Stored data entries
========================================

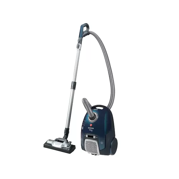 Aspirator cu sac HOOVER TX60PET 011, afisaj LED, sac epa lavabil, capacitate 3.5L, putere 450 W, 1 rotita, maner tip bucla, tub telescopic din metal cu reglator de forma trage - trage, raza de lucru 10 m, culoare albastru
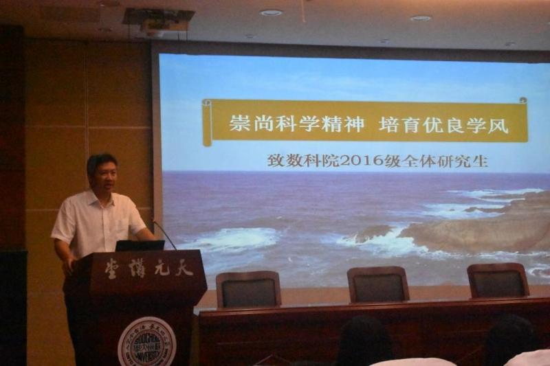 开学典礼结束后,院党委书记朱建刚以《崇尚科学精神 培育优良学风》为题给2016级研究生上了新生第一课。课上,朱书记为大家介绍了苏大的历史与现状,并结合学院近80年的办学历史介绍,勉励大家继承传统、刻苦钻研,他希望2016级全体研究生在学习科研过程中要崇尚科学精神,努力培育数科院特有的优良学风。
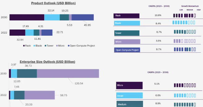 (1)Rack(机架)服务器仍为主力,2030年市场规模预计达724.2亿美元,CAGR高达10.8%;
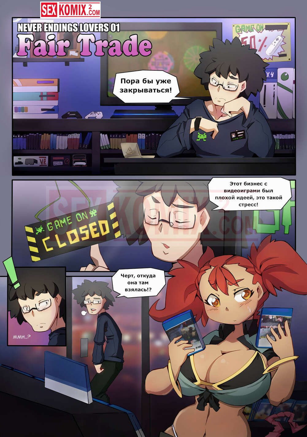 Порно комикс Бесконечные любовники. Dragoon Tequila. Девушка очень любит играть в видео игры, но денег у нее нет. За диски с новыми играми они рассчиталась с продавцом своей сочной киской.
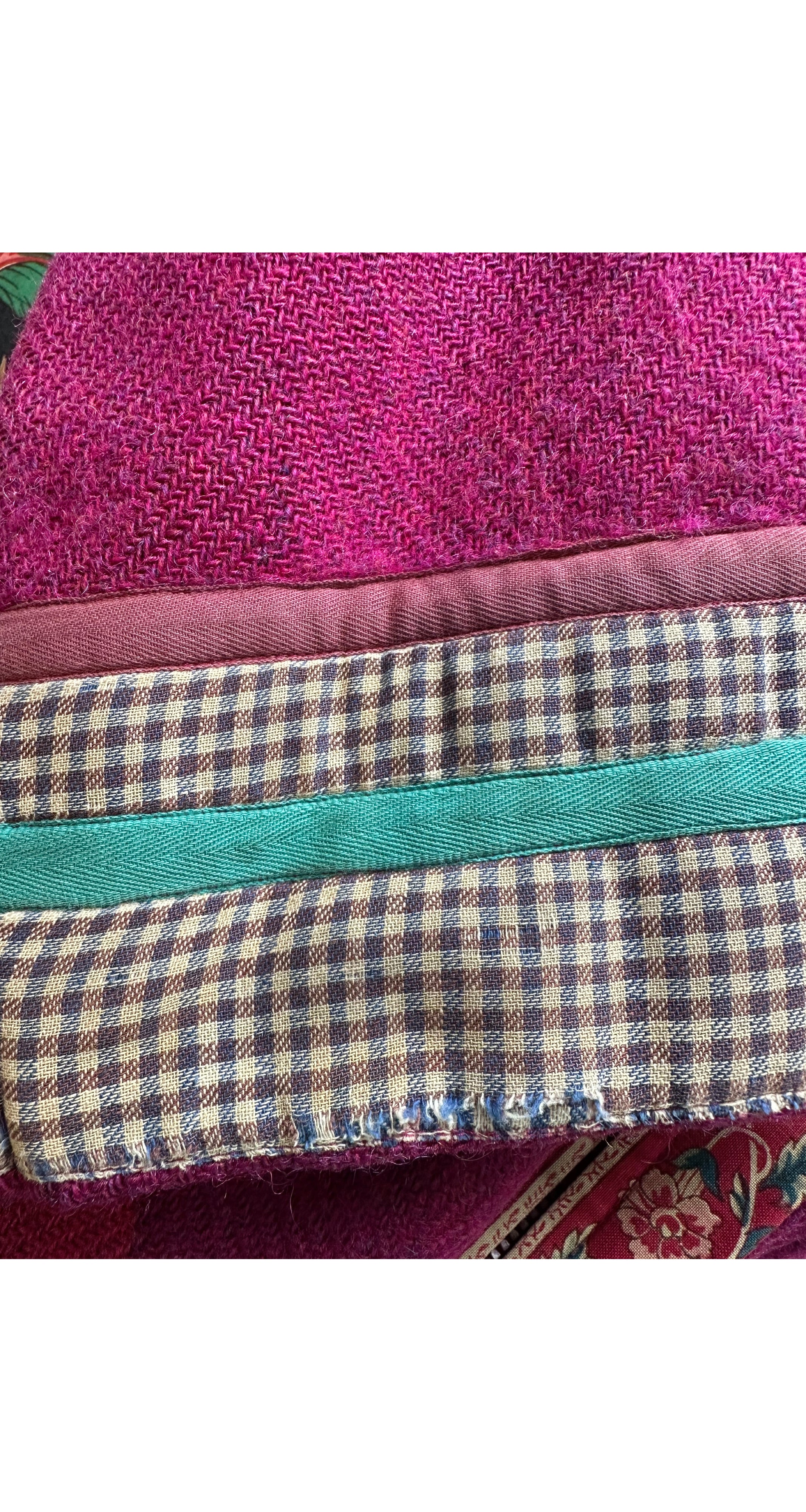 1980s Floral Patchwork Magenta Wool Tie Coat
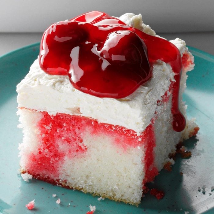 I serve this cherry cake for holidays because it’s so festive and easy. No one will know your secret is adding a package of cherry gelatin to a boxed cake mix! —Margaret McNeil, Germantown, Tennessee. Looking for more easy recipes? Try these potluck desserts that can be made with packaged cookies.
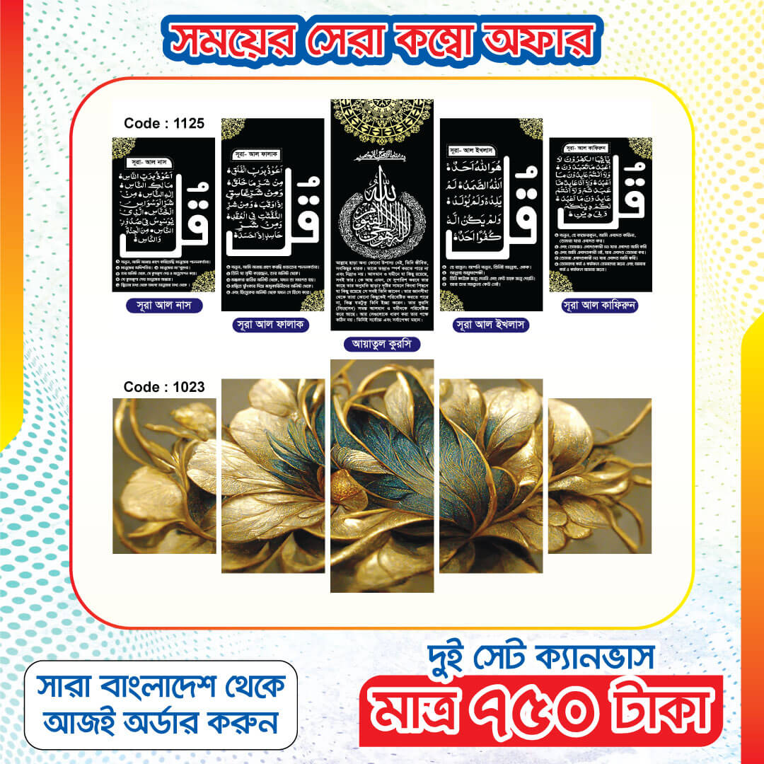 • ওয়াটার প্রুপ : লেমিনেশন করার কারনে আমাদের ক্যানভাস গুলো ১০০% ওয়াটার প্রুফ।

========================================

The copy must include every record exactly and none of the pictures.

▶ _RESPONSE AREA_
 Aspirator cu sac HOOVER TX60PET 011, afisaj LED, sac epa lavabil, capacitate 3.5L, putere 450 W, 1 rotita, maner tip bucla, tub telescopic din metal cu reglator de forma trage - trage, raza de lucru 10 m, culoare albastru
 开学典礼结束后,院党委书记朱建刚以《崇尚科学精神 培育优良学风》为题给2016级研究生上了新生第一课。课上,朱书记为大家介绍了苏大的历史与现状,并结合学院近80年的办学历史介绍,勉励大家继承传统、刻苦钻研,他希望2016级全体研究生在学习科研过程中要崇尚科学精神,努力培育数科院特有的优良学风。
 (1)Rack(机架)服务器仍为主力,2030年市场规模预计达724.2亿美元,CAGR高达10.8%;
 Порно комикс Бесконечные любовники. Dragoon Tequila. Девушка очень любит играть в видео игры, но денег у нее нет. За диски с новыми играми они рассчиталась с продавцом своей сочной киской.
 1980s Floral Patchwork Magenta Wool Tie Coat
 I serve this cherry cake for holidays because it’s so festive and easy. No one will know your secret is adding a package of cherry gelatin to a boxed cake mix! —Margaret McNeil, Germantown, Tennessee. Looking for more easy recipes? Try these potluck desserts that can be made with packaged cookies.
 • ওয়াটার প্রুপ : লেমিনেশন করার কারনে আমাদের ক্যানভাস গুলো ১০০% ওয়াটার প্রুফ।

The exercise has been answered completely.